Could Carmine cause RejectedExecutionException?

Indirectly, if you're exhausting resources like your thread pool.

I wasn't sure what to do with "pool" so I left it blank:

That should be fine, that just gives you the default pool options which are reasonable.

Then I go into a loop and wait for it to be processed

Ahh, this could be your problem - your loop is quite aggressive and might be overtaxing your pool's ability to recover. Try adding a polling delay to the nil? branch:

(if (nil? processed)
  (do (Thread/sleep 10) ; Wait 10 msecs (could be much longer, depends on your requirements)
        (recur (carmine/wcar redis-connection (carmine/hget id "processed"))))
  ; else branch
)

Also make sure you're not creating too many of these loops.

Reading through the older issues, I see this has a suggestion that might work for me

Yes, that'd be another option. There's pros and cons to each. Polling (as in your snippet) is a simple quick hack but requires you to choose a polling interval that'll determine the minimum average latency.
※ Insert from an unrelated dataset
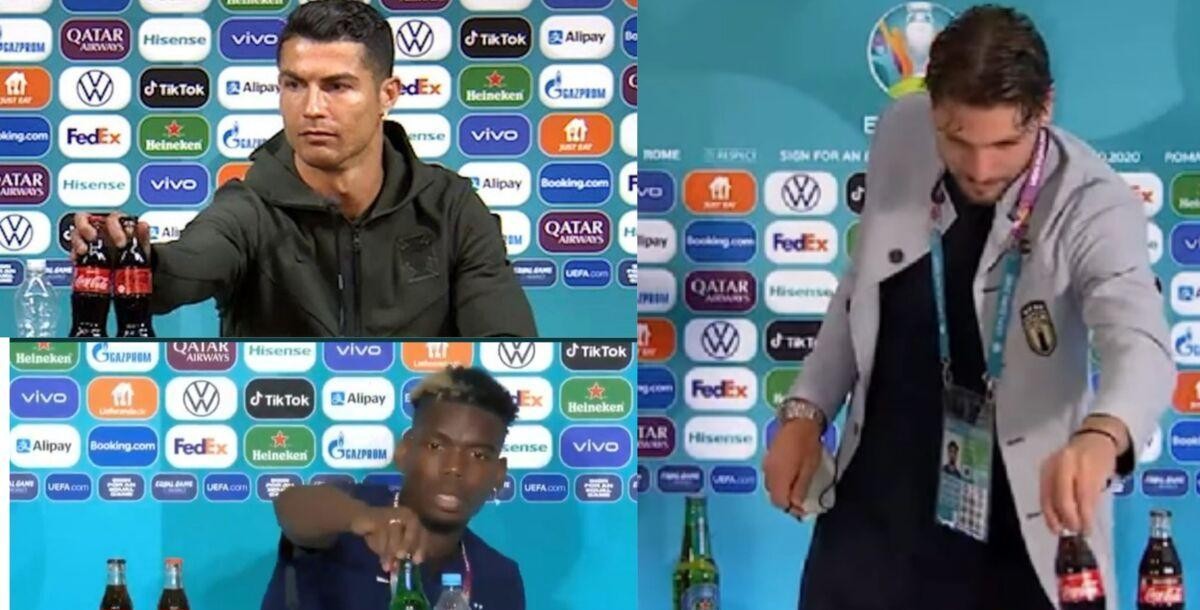 پیش از این رونالدو و بازیکن ایتالیا در نشست خبری خود در رقابت های جام ملت های اروپا 2020 با دیدن نوشابه روی میز نشست خبری آن را کنار گذاشته و بطری آب را جایگزین کرده و عنوان کردند به جای نوشابه آب مصرف کنید.

Using a blocking read op may be better in production or at scale since it avoids unnecessary polling calls and can achieve lower minimum average latency.

Depends on your requirements, but the first option is just a 1 line change and should work with a reasonable sleep val.

Does that help?

sugarsunflower commented 8 years ago

You have helped me a great deal. Thank you.